Hiding behind the grille at the front of the vehicle was the two-year-old joey named Annie, who'd tragically become stuck inside upon impact and unknowingly left there overnight.
It was a "miracle" she survived, Wildcare Inc rescuer Kristie Argall told Yahoo News Australia. "We couldn't believe it," she said.
"It doesn't happen as often with macropods; it is more common with birds as they are smaller. It looks like she's gone in head first and then the grille has collapsed in on itself," she explained.
Rescuers prepared for severe injuries
Guests at the Beagle Motor Inn in Katherine, Northern Territory heard the banging before noticing the joey. It's believed the driver accidentally hit her along the Stuart Highway on his way to the hotel but "didn't even notice her in there".
"[The guests] wanted to help her and tried for over an hour to get her out. I think they had to pull the whole grille off," said Kristie who was notified by text. However, stuck some 317km away in Darwin, she said she was "really worried" so she sent another carer, Jenny, to the rescue.
"I said 'I don't know the extent of these injuries, this could be really bad'. I was expecting both her legs to be broken, really badly broken," she explained. "I said to Jen, 'it's probably not going to be a nice scene'".
Joey released back into the wild
Somehow Annie managed not to have any "visible breaks". "She just had localised swelling on her face" and was in "severe shock," Kristie said.

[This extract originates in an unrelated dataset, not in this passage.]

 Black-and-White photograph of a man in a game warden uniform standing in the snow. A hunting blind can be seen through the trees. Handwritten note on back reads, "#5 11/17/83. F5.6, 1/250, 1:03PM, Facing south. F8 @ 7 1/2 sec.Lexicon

Kristie, who's been with Wildcare for about four years, took her in to monitor her before eventually releasing her back into the wild on a property in Katherine where other wallabies roam.
"It was just the absolute best feeling ever," the wildlife carer said, watching Annie hop away into the bushes. "We released her on a property that belongs to one of our carers, Maria. I was in tears watching her go, we were both overwhelmed with happiness that she’d made it".
'Always stop and check'
"My advice to everyone would be if you hit anything, stop and check and have a really decent check of your car," Kristie said. "Then give your wildlife rescue a ring and we can walk you through the steps of what to do".
If in this situation it were a "big male" and not a "sweet" little female like Annie, "it could be dangerous" Kristie warned. "If it is too dangerous, we'll get a career out that's trained to deal with that sort of situation," she said.